All of these statements are, by some lights, true. But only the first two are “scientific.” The reason is that each of them could have been false. (401)
The lack of an ultimate objective scientific grounding for morality can be worrisome. It implies that people with whom we have moral disagreements–whether it’s Hitler, the Taliban, or schoolyard bullies who beat up smaller children–aren’t wrong in the same sense that it’s wrong to deny Darwinian evolution or the expansion of the universe. We can’t do an experiment, or point to data, or construct a syllogism, or write a stinging blog post, that would persuade them of why their actions are bad. And if that’s true, why should they ever stop?
| But that’s how the world is. We should recognize that our desire for an objective grounding for morality creates a cognitive bias, and should compensate by being especially skeptical of any claims in that direction. (402)
47. Rules and Consequences
…what do we do when something that seems utterly wrong at a visceral level (killing your own son) runs into a foundational rule to which you are devoted (obeying God’s word)? When it is not clear what is right and wrong, what are the most basic principles that should ultimately decide? (404)
Moral quandaries are real, even if they are usually not as stark as the trolley problem. How much of our income should we spend on our own pleasure, versus putting it toward helping the less fortunate? What are the best rules governing marriage, abortion, and gender identity? How do we balance the goal of freedom against that of security?
| As Abraham learned, having an absolute moral standard such as God can be extraordinarily challenging. But without God, there is no such standard, and that is challenging in its own way. The dilemmas are still there, and we have to figure out a way to face them. Nature alone is no help, as we can’t extract ought from is; the universe doesn’t pass moral judgments.
| And yet we must live and act. We are collections of vibrating quantum fields, held together in persistent patterns by feeding off of ambient free energy according to impersonal and uncaring laws of nature, and we are also human beings who make choices and care about what happens to ourselves and to others. What’s the best way to think about how we should live? (405)
Philosophers find it useful to distinguish between ethics and meta-ethics. … Meta-ethics takes a step back, and asks what it means to say something is right or wrong, and why we should adopt one set of guidelines rather than some other set. “Our system of ethics should be based o improving the well-being of conscious creatures” is a meta-ethical claim, from which “killing puppies is wrong” might be derived.
| Poetic naturalism has little to say about ethics, other than perhaps for a few inspirational remarks. But it does have something to say about meta-ethics, namely: our ethical systems are things that are constructed by us human beings, not discovered out there in the world, and should be evaluated accordingly. (405-406)
Our minds have a System 1 that is built on heuristics, instincts, and visceral reactions, as well as a System 2 that is responsible for cognition and higher-level thoughts. Roughly speaking, System 1 tends to be responsible for our deontological impulses, and System 2 kicks in when we start thinking as consequentialists. In the words of psychologist Joshua Greene, we not only have “thinking fast and slow”; we also have “morality fast and slow.” System 2 thinks we should pull the switch, while System 1 is appalled by the idea. (406)

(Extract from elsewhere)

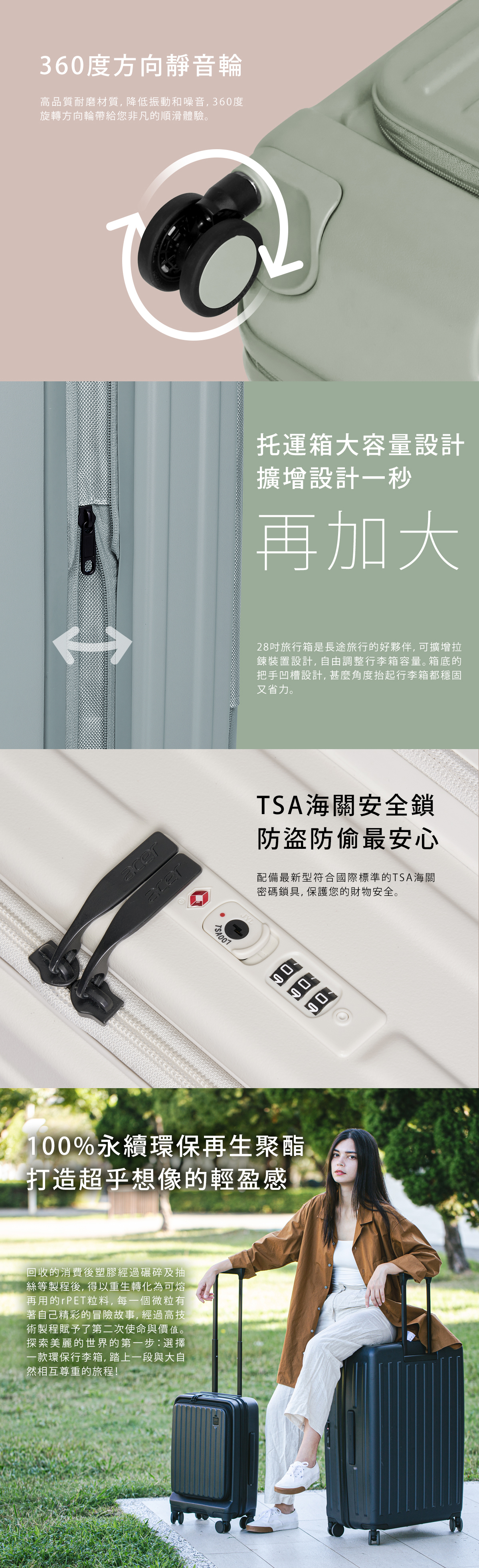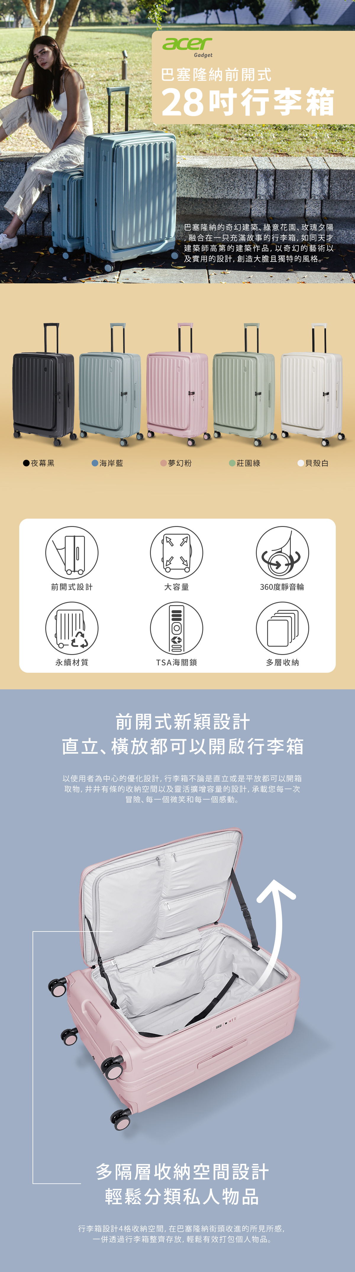 Acer 巴塞隆納前開式行李箱28吋大容量托運箱,前開式設計直立橫放皆可開啟,搭配4格分類收納與可擴增容量,整理更輕鬆。360度靜音萬向輪穩定好推,底部凹槽設計省力提取。採用100%環保再生聚酯打造,輕盈耐摔,配備TSA海關鎖,旅途更安心。

If deontology is about what you do, and consequentialism is about what happens, virtue ethics is about who you are. (408)
One approach to moral philosophy is to think of it as simply a method for making sense of those commitments: making sure that we are true to our own self-proclaimed morals, that our justifications for our actions are internally consistent, and that we take into account the values of other people where appropriate. Rather than fitting data in a scientific sense, we can choose our ethical theories by how well they conform to our own existing sentiments. A moral framework is “useful” to a poetic naturalist to the extent that it reflects and systematizes our moral commitments in a logically coherent way. (409)
We have a feeling for what distinguishes right from wrong, and we try to make it systematic. We talk to other people to learn how they feel, and take that into account when developing the rules for functioning in society. (409)
You’re telling me that judging right from wrong is just a matter of our personal feelings and preferences, grounded in nothing more substantial than our own views, with nothing external to back it up? That there are no objectively true moral facts out there in the world?
| Yes. But admitting that morality is constructed, rather than found lying on the street, doesn’t mean that there is no such thing as morality. All hell has not broken loose. (410)
moral constructivism … is a bit different from “relativism.” (410)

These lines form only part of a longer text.